← ds learning track
notes · 01

Regression Analysis

Regression is where descriptive statistics becomes modelling. Linear regression explains continuous outcomes with least squares. Logistic regression explains binary outcomes with probabilities, log-odds, and classification thresholds.

Start with linear regression and residuals, then move to logistic regression and scorecard logic. The goal is to connect coefficients, diagnostics, discrimination, and calibration into one picture.

Linear vs logistic — why both matter

Linear regression (OLS)

Linear regression predicts a continuous outcome. It fits a line by minimising squared residuals, so coefficients are directly interpretable in the original scale.

If β₁ = 1.5, one-unit increase in X changes Y by 1.5 units on average, holding the rest fixed.

Y = β₀ + β₁X + ε
Used in: LGD modelling, EAD / CCF estimation, recovery severity, macro overlays, and continuous forecast problems.

Logistic regression (MLE)

Logistic regression predicts a binary outcome. Instead of a straight-line prediction for Y itself, it models the log-odds and maps the result through a sigmoid into a probability.

That is why it is the standard tool for PD scorecards and default models: predictions stay naturally in the [0, 1] interval.

P(Y=1) = 1 / (1 + e−(β₀ + β₁X))
Used in: PD scorecards, application scoring, behavioural scoring, early warning, and A-IRB default modelling.

A useful order for learning regression

01

Start with the fitted relationship

Learn what the coefficient actually means before worrying about p-values or diagnostics.

02

Then study residuals

Residuals are the fingerprint of what the model failed to learn. Most serious modelling issues show up there first.

03

Then separate fit from inference

R², RMSE, coefficient significance, discrimination, and calibration are not the same dimension. A model can look good on one and weak on another.

04

Then connect it to validation

In risk work, the question is not only “does it fit?” but also “is it stable, interpretable, monotonic, and decision-useful?”

OLS in action — fit, residuals, and assumptions

Choose a data pattern and change noise level. The fitted line updates, the residual plot changes, and the assumption cards tell you where OLS looks comfortable and where it starts to break.

Logistic regression — probabilities, odds, and thresholds

Move the coefficients and threshold, then watch how the sigmoid, log-odds line, and confusion matrix respond. This is the cleanest way to feel why scorecards are built on logistic models.

The five OLS assumptions and what failure looks like

Assumption What it means How to check What happens if it fails Typical remedy
Linearity E(Y|X) is linear in X Residual vs fitted plot Biased coefficients, systematic misspecification Transform X, add polynomial / spline terms, change model class
Independence Residuals are not serially correlated Durbin-Watson, time structure review Standard errors become misleading Time-series correction, clustered / robust SE
Normality Residuals are roughly Normal QQ plot, residual skewness, Shapiro-Wilk Inference weakens, especially in small samples Transform Y, bootstrap, robust inference
Homoscedasticity Residual variance is constant Residual fan shape, Breusch-Pagan SE and p-values become unreliable Robust SE, weighted least squares, transform target
No multicollinearity Predictors are not too strongly correlated VIF, correlation matrix Unstable coefficients, inflated uncertainty Drop variables, combine variables, ridge / PCA

What matters in practice

OLS intuition

Why squared errors?

OLS punishes large misses more than small ones. That makes the math elegant and the estimator efficient under the right assumptions, but also sensitive to outliers.

logistic logic

Probability is not linear

Logistic regression works because it is linear in log-odds, not in raw probability. That is the key conceptual shift from linear regression.

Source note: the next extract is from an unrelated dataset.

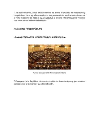 El documento describe la estructura del Estado colombiano. El Estado se divide en tres ramas de poder: la legislativa, ejecutiva y judicial. La rama legislativa incluye el Congreso y la rama ejecutiva incluye al Presidente y gabinete ministerial. La rama judicial incluye a la Corte Suprema, Consejo de Estado y otros tribunales. También existen órganos autónomos como el Consejo Nacional Electoral, Procuraduría General y Contraloría General.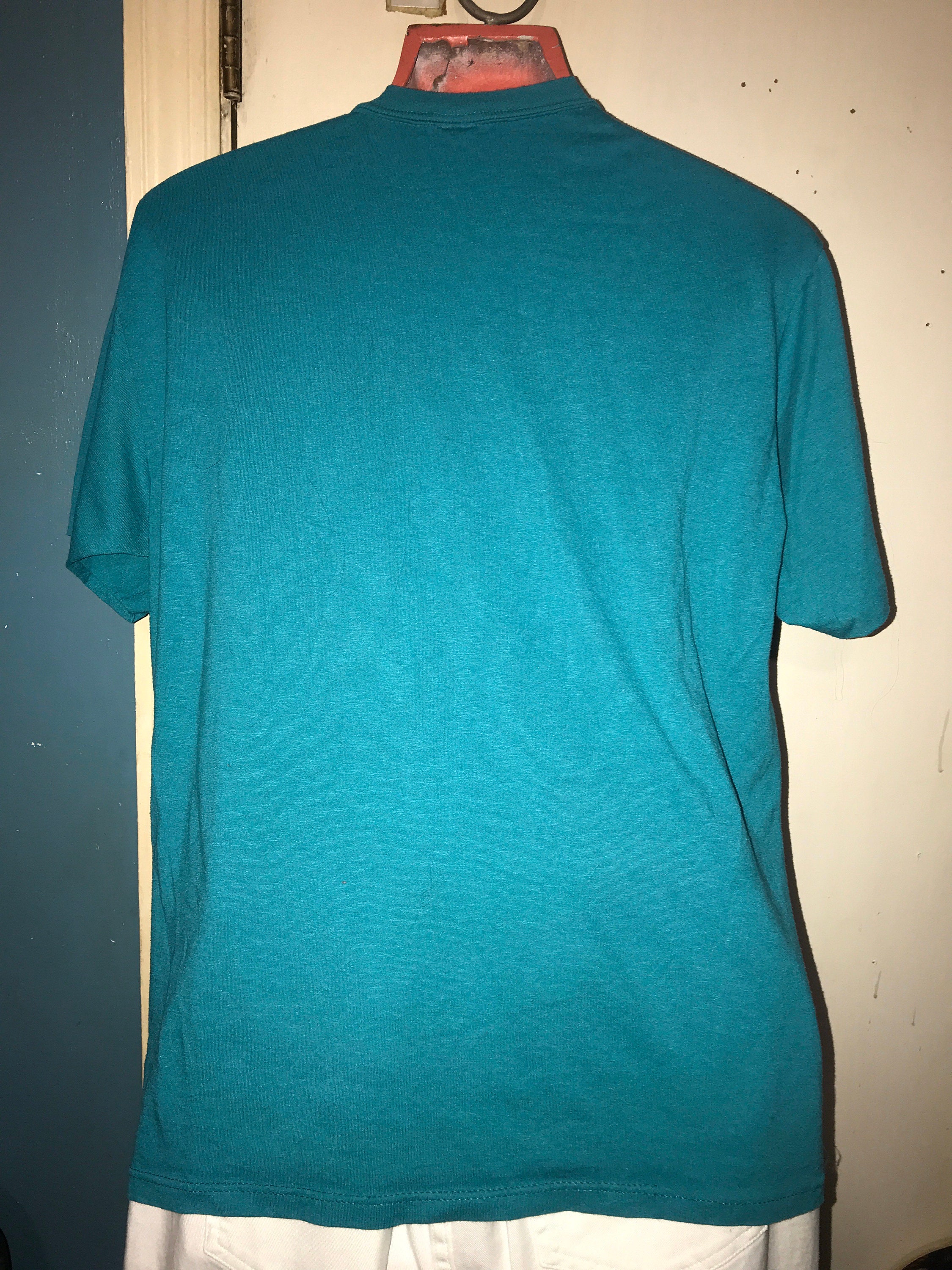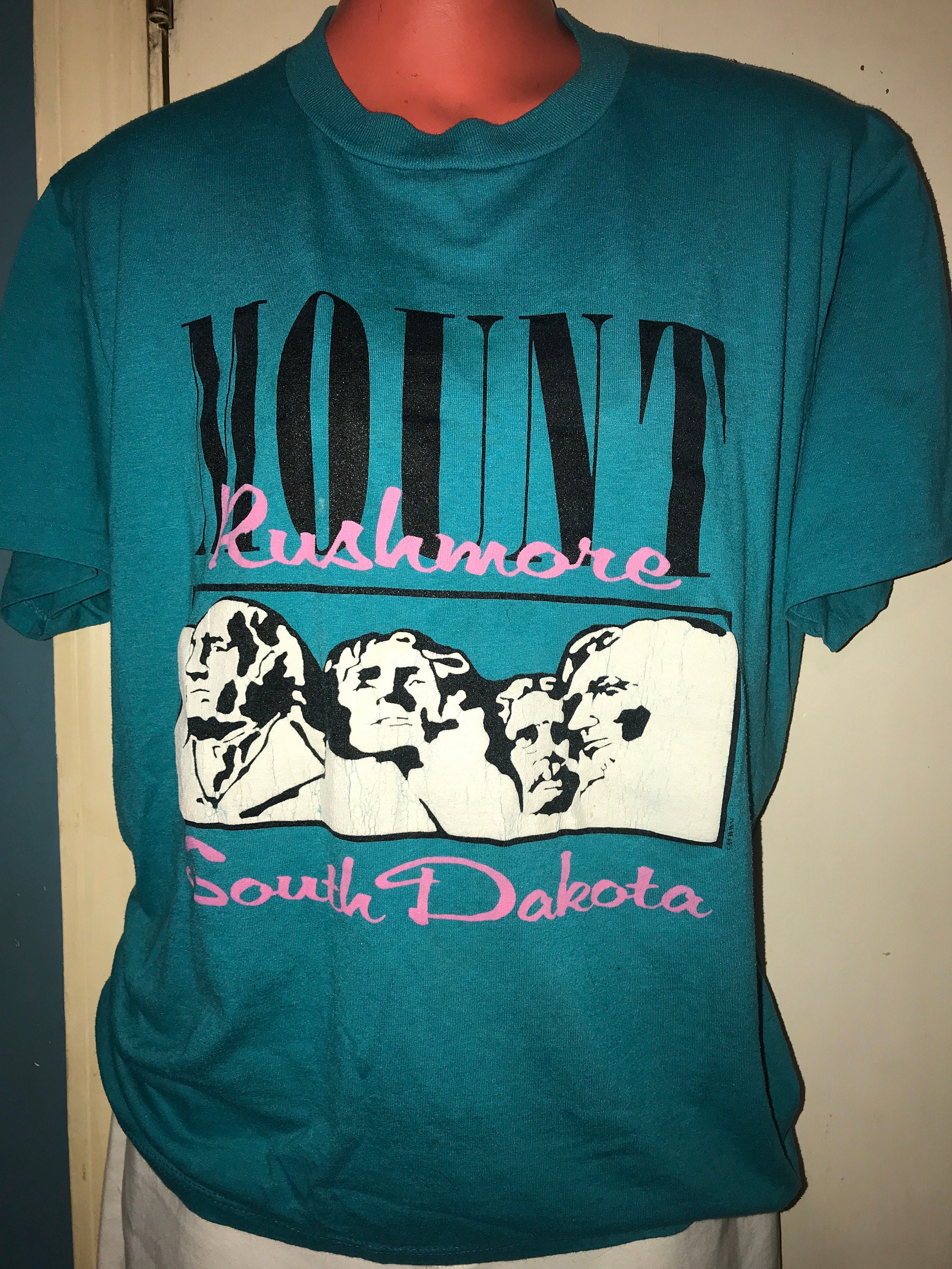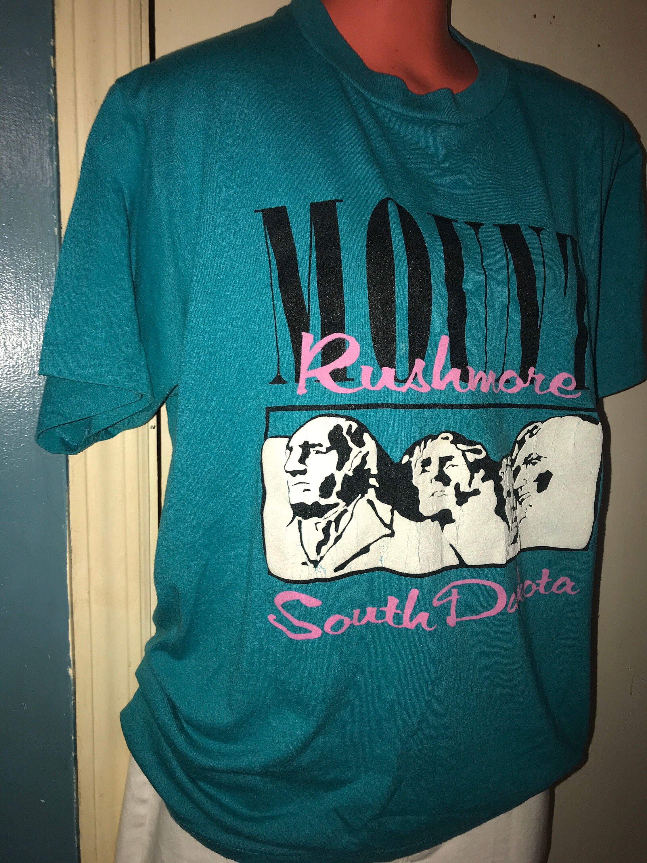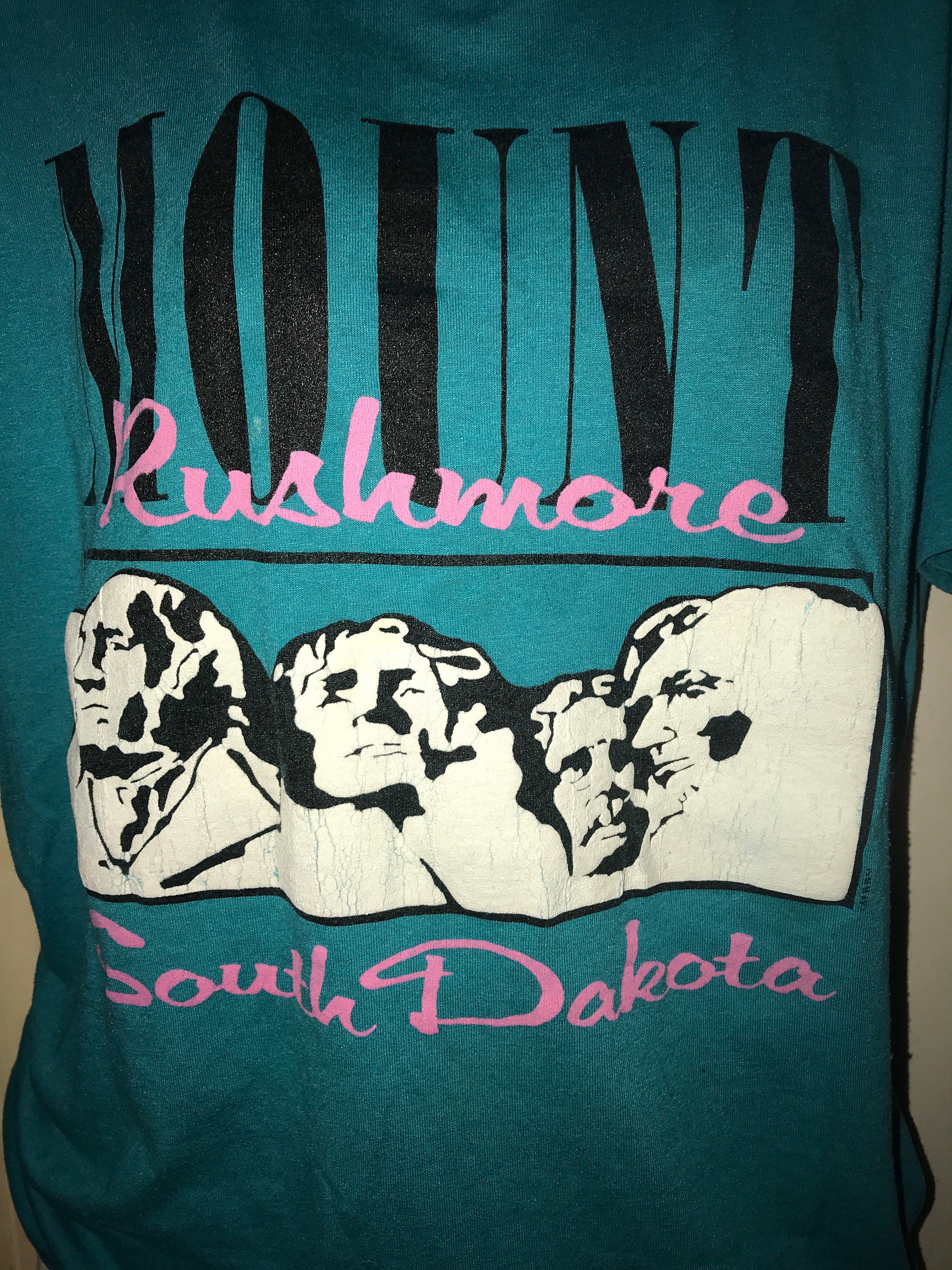 Another very awesomely vintage Tee! It’s an excellent aqua color with pink, black, and white accents. It’s Mount Rushmore and the white vinyl is a little cracked but it seems fine to me!

discrimination vs calibration

Two different jobs

A logistic model can rank defaults well and still produce wrong PD levels. Good discrimination does not guarantee calibration.

overfitting

Better fit is not always better model

Adding predictors always helps in-sample. Validation is where you discover whether the improvement is real or just memorised noise.

residual analysis

Residuals are evidence

Residuals show whether the model systematically misses a region, a segment, or a structure. They are not decorative plots.

scorecard translation

Why logistic dominates scorecards

Logistic + WoE gives monotonicity, interpretability, and a direct route from coefficients to score points and odds scaling.

What to leave this page with

Linear regression explains continuous outcomes through least squares. Logistic regression explains binary outcomes through log-odds and probability.

The useful order is: first understand the fitted relationship, then inspect residuals, then separate fit from inference, then connect the model to discrimination, calibration, and stability.

Once those pieces connect, regression stops being just coefficient reading and becomes a full model validation framework.